Building a Repeatable AI FP&A Workflow
You have now used AI across the whole FP&A cycle: forecasting, budgeting, driver modeling, variance commentary, scenarios, and decks. The final step is turning those one-off prompts into a system that runs the same way every month. A repeatable workflow is what separates "I used AI once and it was neat" from "AI saves my team a day every close." This lesson assembles everything into a durable, reusable FP&A operating rhythm.
What You'll Learn
- How to package your best prompts into reusable assets
- How to build a custom GPT or Claude Project tuned to your company
- A month-by-month AI-assisted FP&A workflow you can adopt immediately
- How to keep the system accurate, safe, and trusted over time
Package your prompts as assets
Right now your prompts probably live in scattered chat histories. Collect the ones that worked into a single prompt library, organized by task: a variance-commentary prompt, a forecast-narrative prompt, a board-outline prompt, a scenario-definition prompt. For each, save the full text including your rules, such as materiality thresholds and tone. A prompt you can paste in 10 seconds is one you will actually use; a prompt you have to rewrite each month is one you will abandon.
Store the library somewhere your team can reach it, so the whole function benefits and new analysts inherit a working toolkit on day one.
Build a custom GPT or Claude Project
The next level up is a custom assistant that already knows your context.
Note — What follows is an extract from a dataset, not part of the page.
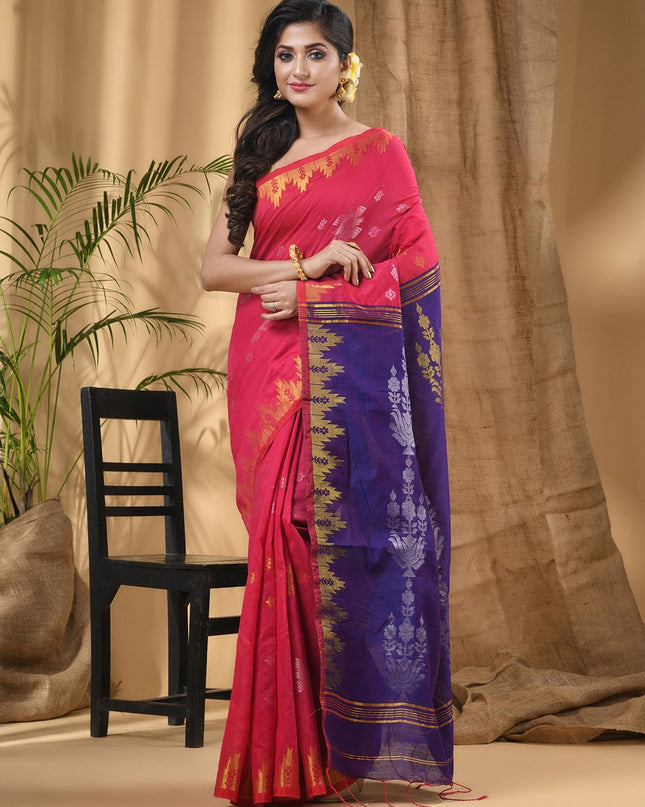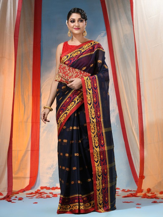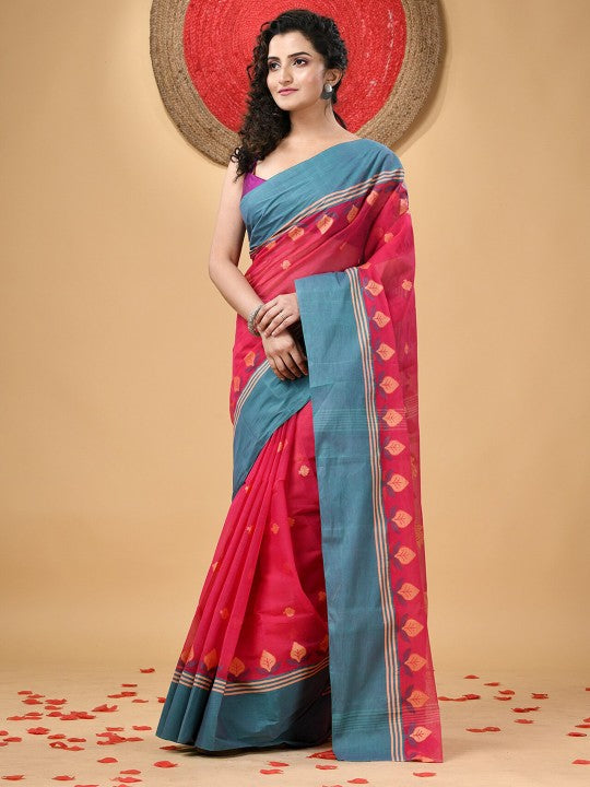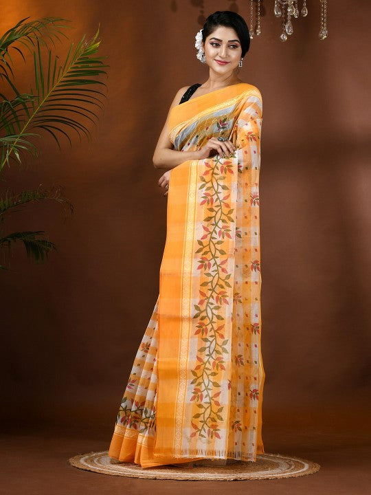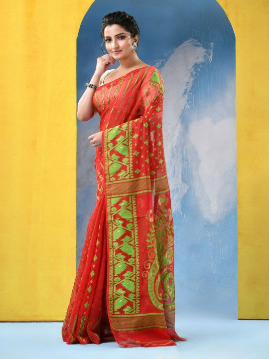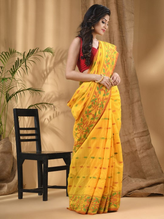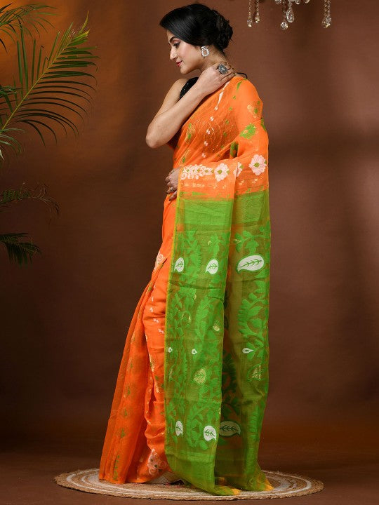 Traditional Tamarind Leaf Resham Dhakai Jamdani Pure Cotton Handloom Saree without Blouse Piece

Both ChatGPT (custom GPTs) and Claude (Projects) let you set persistent instructions and upload reference material, so you stop re-explaining your business every session.
Give yours:
- A role and rules. "You are the FP&A analyst for a mid-size B2B software company. Always keep math in the spreadsheet; never invent drivers; flag unknowns. Use a neutral, factual tone."
- Reference context. Upload your chart of accounts structure, your driver definitions, your house style for commentary, and a sample of strong past commentary. Apply the data rules: use anonymized or templated examples, not live sensitive figures, unless the tool is an approved in-tenant deployment.
- Standard formats. Your variance-commentary format, your deck outline, your scenario template.
Now a single instruction like "write this month's variance commentary from the attached table" produces output already shaped to your standards. This is the highest-leverage setup in the whole course, because it bakes your guardrails and style into every interaction.
Your monthly AI-assisted workflow
Here is a complete rhythm that ties the course together. The spreadsheet does the math at every numbered step; AI does the structuring and writing.
Early in the cycle (actuals just landed):
- Calculate plan-vs-actual variances in Excel.
- Add your known drivers as short notes.
- Run your variance-commentary prompt; confirm flagged unknowns.
Mid-cycle (updating the view):
- Drop actuals into the rolling forecast; let Excel compute the deltas.
- Ask AI to flag the biggest misses and propose reforecast methods; apply the chosen numbers yourself.
- Red-team the updated assumptions with AI from both directions.
Late cycle (communicating):
- If leadership wants options, define scenarios with AI and recalc them in your driver model.
- Build the board or management deck: story spine, message headlines, talking points, executive summary.
- Rehearse the toughest questions with AI before the meeting.
Quarterly and annually:
- Reuse the budget-build prompts for planning season, and refresh your custom assistant's reference context as the business changes.
Adopt even half of this and you reclaim hours every cycle, while the judgment-heavy parts of the job get more of your attention.
Keep it accurate and trusted
A workflow is only valuable if people trust its outputs. Protect that trust:
- Math stays in the spreadsheet. This is the rule that has run through the entire course. AI writes and structures; your formulas compute. Never ship an AI-calculated number.
- No invented drivers. Keep the "flag, do not guess" instruction in every commentary prompt. A confident wrong reason is worse than an open question.
- Human review before anything ships. AI drafts; you sign off. Your name is on the report, so read every word.
- Data rules every time. Run the Module 1 pre-flight check on every session. Sensitivity does not relax just because the workflow is routine.
Measure the payoff
Track the time you save, in plain terms: hours per close, days per budget cycle. This does two things. It tells you which parts of the workflow are worth refining, and it gives you a concrete story when leadership asks what AI is doing for the finance team. FP&A should be able to quantify its own productivity gains better than anyone, so do it.
Where to go from here
You now have a complete, safe, repeatable system for applying AI across corporate FP&A. The tools will keep improving, but the operating model in this course will hold: clean data in, math in the spreadsheet, AI for structure and language, human judgment on top, and guardrails every time. Build your prompt library, stand up a custom assistant, run the monthly rhythm, and refine it as you go.
Key Takeaways
- Collect your best prompts into a reusable library organized by task, including your rules and tone.
- Build a custom GPT or Claude Project loaded with your role, rules, reference context, and standard formats.
- Adopt the month-by-month workflow: commentary, then reforecast, then scenarios and decks, with math always in the spreadsheet.
- Protect trust with human sign-off, no invented numbers or drivers, and the data pre-flight check every session.